In recent years, the sustained immune response in the brain of patients with AD has been considered a substantial part of the central pathology of AD [32][33][34][35][36], which is observed in post-mortem brains and AD preclinical models [37][38][39][40][41][42]. Sustained activation of microglia in the brain and other immune cells has been observed, which exacerbates Aβ and Tau pathologies and could be a link in the pathogenesis of AD [43].
Neuroinflammation is an inflammatory response within the brain and spinal cord [44]. Infections, toxins, and other injuries activate acute inflammation in the brain. Chronic neuroinflammation occurs when there is a lack of balance in the anti-inflammatory and proinflammatory response, as with AD, which presents activated microglia and cytokines [45][46]. Neuroinflammation is not unique to AD and is also seen in Parkinson’s disease (PD) [47][48], chronic traumatic encephalopathy [49], amyotrophic lateral sclerosis [50], and multiple sclerosis [51].
Equivalently, it is proposed that activation of the innate immune system is essential at the onset and progression of AD. Several genes that code for receptors with an immunological role, such as CD33, CLU, CR1, and TREM2, are altered in AD [52][53][54]. Various genes that regulate the immune system inside and outside the CNS, such as BLNK, GRN, HEXB, PYDC1, SYK, and SLC2A5, are related to this disease [55][56]. These changes in gene expression suggest a role of the central and peripheral immune systems in AD.

6. The BBB Barrier in AD

Three brain barriers protect and maintain the brain microenvironment: the arachnoid barrier, the blood-cerebrospinal fluid barrier, and the BBB [57][58].
The BBB is an interface between the peripheral circulation and the CNS. It is a semi-permeable structural and chemical barrier, highly selective, that separates the circulating blood from the brain, and the extracellular fluid [59]. The neurovascular unit is the fundamental component of the BBB and is composed of capillary endothelial cells (its main structure), astrocytes, pericytes, neurons, and tight junctions [60]. In a healthy brain, the BBB does not allow the entrance of several immune cells, hydrophilic molecules, and large proteins into the brain and vice versa [61]. The permeability of BBB is not associated with the molecular size itself: glucose and amino acids pass through the BBB more easily than many ions [62], and permeability increases in the presence of cerebral edema, brain tumors, ionizing radiation injury, inflammation, and other pathological conditions, allowing certain toxic substances to enter brain tissue and ultimately resulting in damage to the CNS [63]. Strokes, immunoneurological diseases, and multiple system atrophy significantly alter the BBB function [64]. However, not all substances are harmful; some antibodies reach injured regions of the brain and contribute to its restoration [65]. It is noteworthy to highlight that many plasma proteins can reach the healthy brain mainly through Clathrin transport [66], thus suggesting the presence of plasma-derived biomolecules with regenerative properties that could be tested to treat ailments such as AD.

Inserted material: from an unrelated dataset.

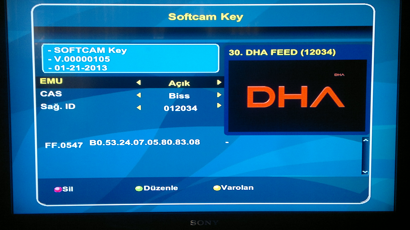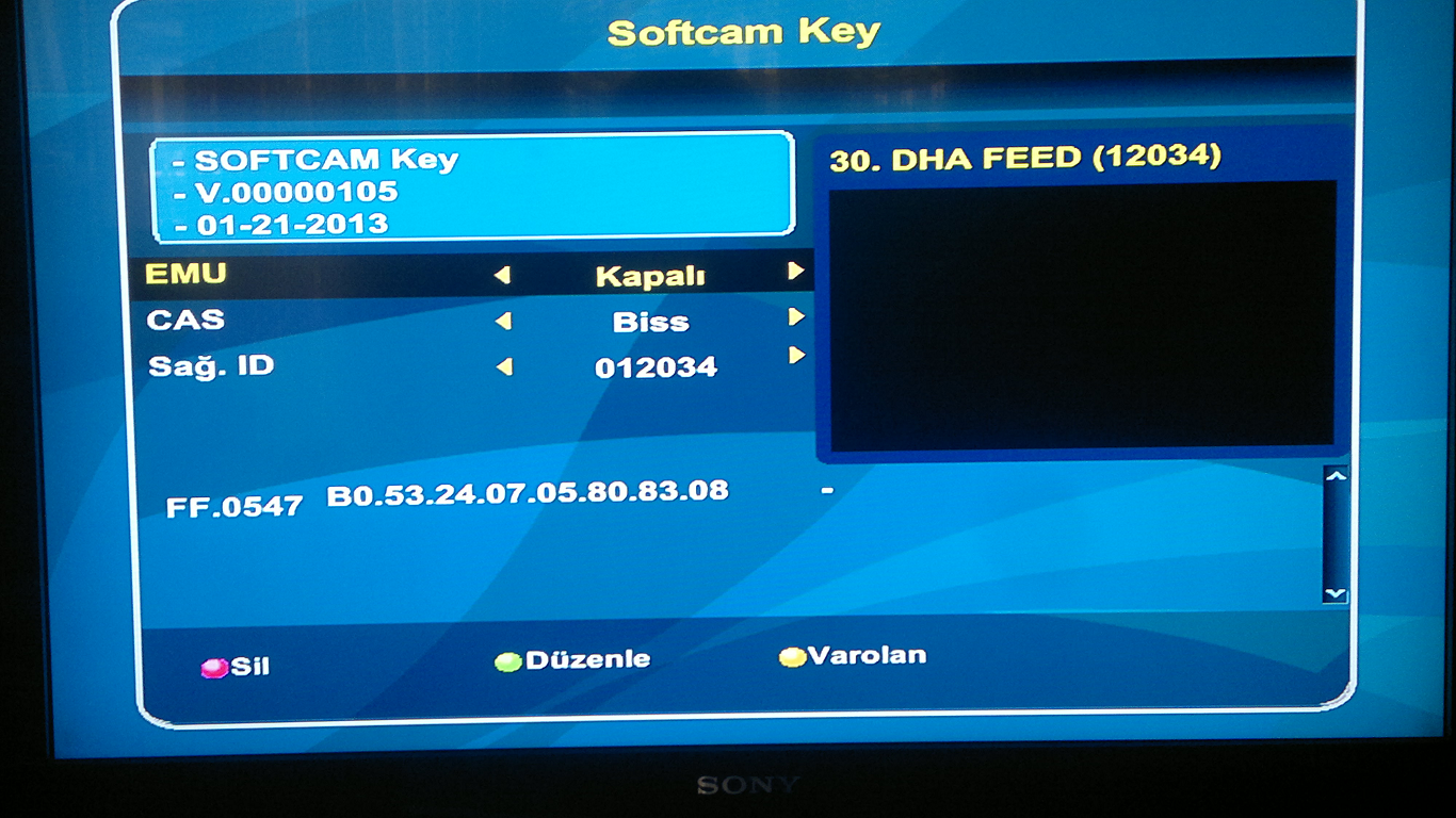 · DHA FEED kanali için biss key girmeyi tarif ediyorum.

A large body of evidence indicates that the BBB is impaired in neurodegenerative conditions [67] such as AD and PD. AD patients have shown a compromised BBB since leakage of plasma proteins and blood cells have been found in brain regions such as the prefrontal cortex, entorhinal cortex, and hippocampus of post-mortem tissues when compared with control brains [67][68][69][70]. Imaging studies further support the disruption of the BBB on AD even at early stages [71]; in line with these data, brain endothelial cells derived from induced pluripotent stem cells (iPSCs) of AD patients display aberrant properties such as high permeability and altered expression of tight junctions [72]. Additionally, animal studies have provided consistent results since rodent models of AD also display a disrupted BBB [73]. Remarkably, rodent AD models suggest an increased vulnerability of BBB to be compromised after an inflammatory insult; therefore, inflammation could contribute to BBB disruption [73].

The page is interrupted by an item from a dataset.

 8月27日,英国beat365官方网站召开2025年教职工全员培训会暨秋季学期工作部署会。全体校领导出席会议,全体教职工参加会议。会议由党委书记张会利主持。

Excessive Aβ generation and its deposition in the brain also contribute to the disruption of BBB [74] by increasing the damage to the neurovascular unit [75]. Increased BBB permeability in AD could be related to pericyte loss possibly mediated by MMP-9 in ApoE4 carriers. Aβ deposition also is related with pericyte death and the disruption of astrocytes end feet and arterioles coupling. Furthermore, Aβ plaques and NFTs are associated with thickening of cerebral blood vessels leading to hemorrhages [76]. Vascular basement membrane thickening in AD is observed in brain regions such as the cerebral cortex, hippocampus, and thalamus mainly in the parenchymal basement membrane suggesting the participation of astrocytes since they are associated with the synthesis of this basement membrane. Furthermore, other studies reported the altered synthesis and degradation of basement membrane components (e.g., collagen IV) [77][78]. Increased monocyte trafficking through the BBB in response to Aβ has been identified in the peripheral circulation or brain parenchyma and associated with the pathophysiology of Aβ-related vascular disorder [79]. In addition, Aβ induces the expression of vascular adhesion molecules, promoting leukocyte adhesion and transmigration during the pathological process of AD [80]. In animal models it has been shown that Aβ deposits were able to increase the chemoattraction and permeability of neutrophils and bone marrow-derived microglia as a cellular mechanism for the restriction and elimination AB deposits [81][82]. Additionally, it was observed that monocytes were attracted only to the luminal wall of veins with Aβ deposits where they engulf Aβ for its elimination. This process occurs mainly in the cortex and hippocampus [83].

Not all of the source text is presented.